**Required action**.
Below are the records; copy exactly the lines from the first through the one containing "子路由上搭配三腳插頭 直接插在插座上就可以實現電力線連接", both included, and leave out the pictures.
**** Records supplied ****
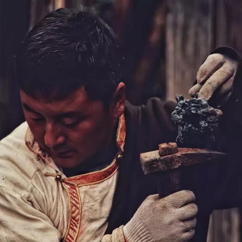 西洛帶著幾個徒弟去經(jīng)幡下煨桑祈福,之后開始進(jìn)山找礦,易貢藏刀的獨特,全因為當(dāng)?shù)氐囊蛔F山,這座山上的也是易貢藏刀唯一的原材料。爬山涉水,他們帶回鐵礦,經(jīng)過繁復(fù)的流程和制作過程中,藏刀制作完畢,西洛最后刻上了鋼印,然后親自將刀交到老人手上。新刀叫洛桑頓珠,這也是老人的名字,用自己的名字來命名新刀,也是老人希望自己能一直陪在這把孤刀身邊。
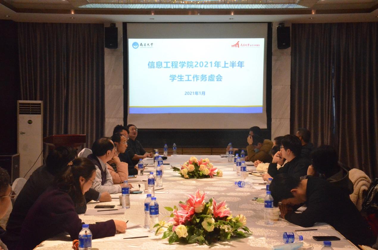 本网讯(信息工程学院 通讯员 谭潭)“2021年学生工作到底要怎么干?”“辅导员队伍建设要怎么抓?”“党建品牌要怎么建设?”“思政工作和新工科建设如何结合起来?”……年初寒冬,南昌大学信息工程学院寻求发展、追求跨越的脚步声愈发铿锵。1月23日下午,信息工程学院党委召开务虚会,领导班子成员、专业教师代表和辅导员代表坐在一起,来了一次别开生面、意义非凡的“头脑风暴”。这次要议的,是2021年和“十四五”期间学生工作具体怎么干的问题。
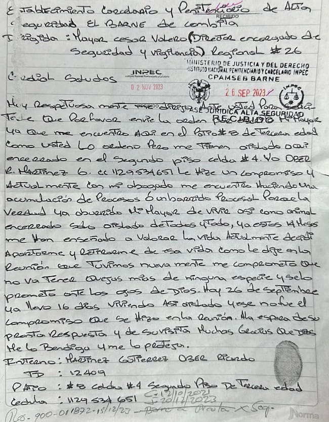 Se conoció una carta de alias ‘El Negro Ober’, el jefe de la banda ‘Los Rastrojos’ en la que ruega al INPEC que le bajen los estrictos controles de custodia, y a cambio, se compromete a dejar de delinquir desde prisión.
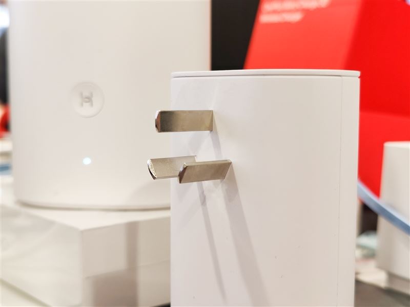子路由上搭配三腳插頭 直接插在插座上就可以實現電力線連接
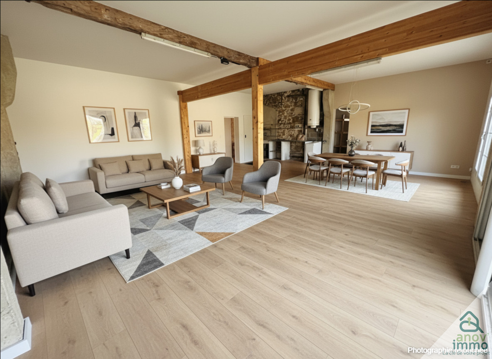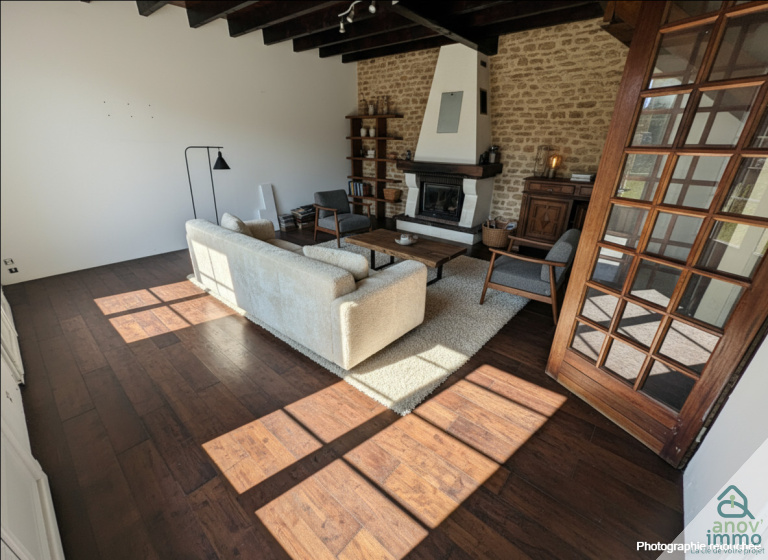 Au rez-de-chaussée, vous trouverez : • une cuisine indépendante, un séjour lumineux agrémenté d’un insert fonctionnel, parfait pour des soirées chaleureuses, une chambre ou un salon, une salle de bains et des toilettes séparées.
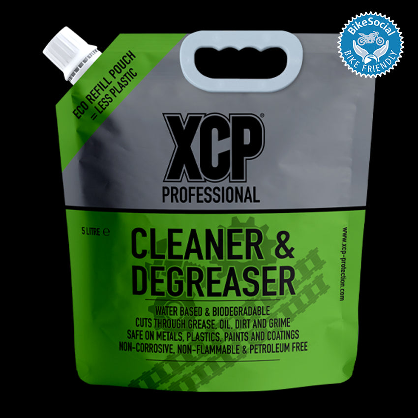 Award winning, high performance cleaning & degreasing spray. Water based and biodegradable. Safe to use on metals, paints and coatings. Use it neat as a degreaser, or dilute it for use as a bike wash or general purpose cleaner. Cuts easily through oil, dirt, grease and grime! Available in reusable 1 ltr trigger bottle and in our 5 ltr eco-refill pouch. Use as a degreaser Apply product neat to the surface that requires degreasing. The liquid can also be used as a degreasing soak (bath) for a few minutes, before cleaning off. Agitate with brush or sponge. Rinse with clean water. (Optional) Lubricate and/or protect surfaces with your preferred XCP® Professional spray, as necessary. Use as a cleaner Dilute 1 part XCP® CLEANER & DEGREASER with up to 10 parts water (select according to strength of cleaning power). Spray surfaces with diluted mix and allow to soak for a few minutes. Agitate with brush or sponge. Rinse with clean water. (Optional) Lubricate and/or protect surfaces with your preferred XCP® Professional spray, as necessary.
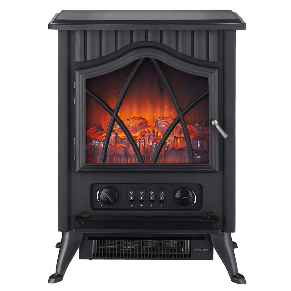 Para aquecer o corpo e o coração! Aconchego cheio de estilo para todos os momentos. Com 2 níveis de aquecimento + ventilação e com 1850W de potência, chama 3D com incrível realismo, design retrô para deixar qualquer ambiente mais aconchegante e sem cheiro de fumaça!
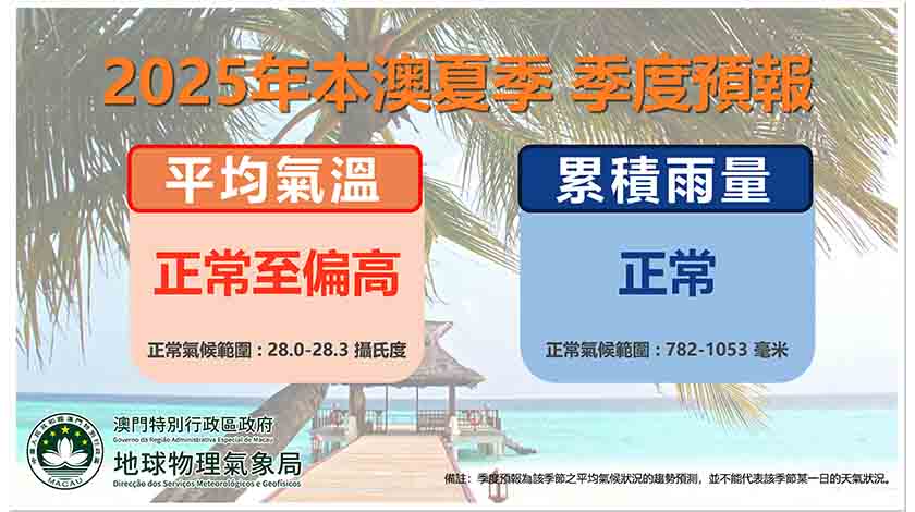【本報訊】氣象局綜合最新的模式預報資料,預測今年本澳夏季(6月至8月)的平均氣溫將屬於正常至偏高;而降雨方面,預測整季累積雨量將屬於正常,其中有機會出現極端強降雨過程。
****
**Task output**.
 西洛帶著幾個徒弟去經(jīng)幡下煨桑祈福,之后開始進(jìn)山找礦,易貢藏刀的獨特,全因為當(dāng)?shù)氐囊蛔F山,這座山上的也是易貢藏刀唯一的原材料。爬山涉水,他們帶回鐵礦,經(jīng)過繁復(fù)的流程和制作過程中,藏刀制作完畢,西洛最后刻上了鋼印,然后親自將刀交到老人手上。新刀叫洛桑頓珠,這也是老人的名字,用自己的名字來命名新刀,也是老人希望自己能一直陪在這把孤刀身邊。
 本网讯(信息工程学院 通讯员 谭潭)“2021年学生工作到底要怎么干?”“辅导员队伍建设要怎么抓?”“党建品牌要怎么建设?”“思政工作和新工科建设如何结合起来?”……年初寒冬,南昌大学信息工程学院寻求发展、追求跨越的脚步声愈发铿锵。1月23日下午,信息工程学院党委召开务虚会,领导班子成员、专业教师代表和辅导员代表坐在一起,来了一次别开生面、意义非凡的“头脑风暴”。这次要议的,是2021年和“十四五”期间学生工作具体怎么干的问题。
 Se conoció una carta de alias ‘El Negro Ober’, el jefe de la banda ‘Los Rastrojos’ en la que ruega al INPEC que le bajen los estrictos controles de custodia, y a cambio, se compromete a dejar de delinquir desde prisión.
子路由上搭配三腳插頭 直接插在插座上就可以實現電力線連接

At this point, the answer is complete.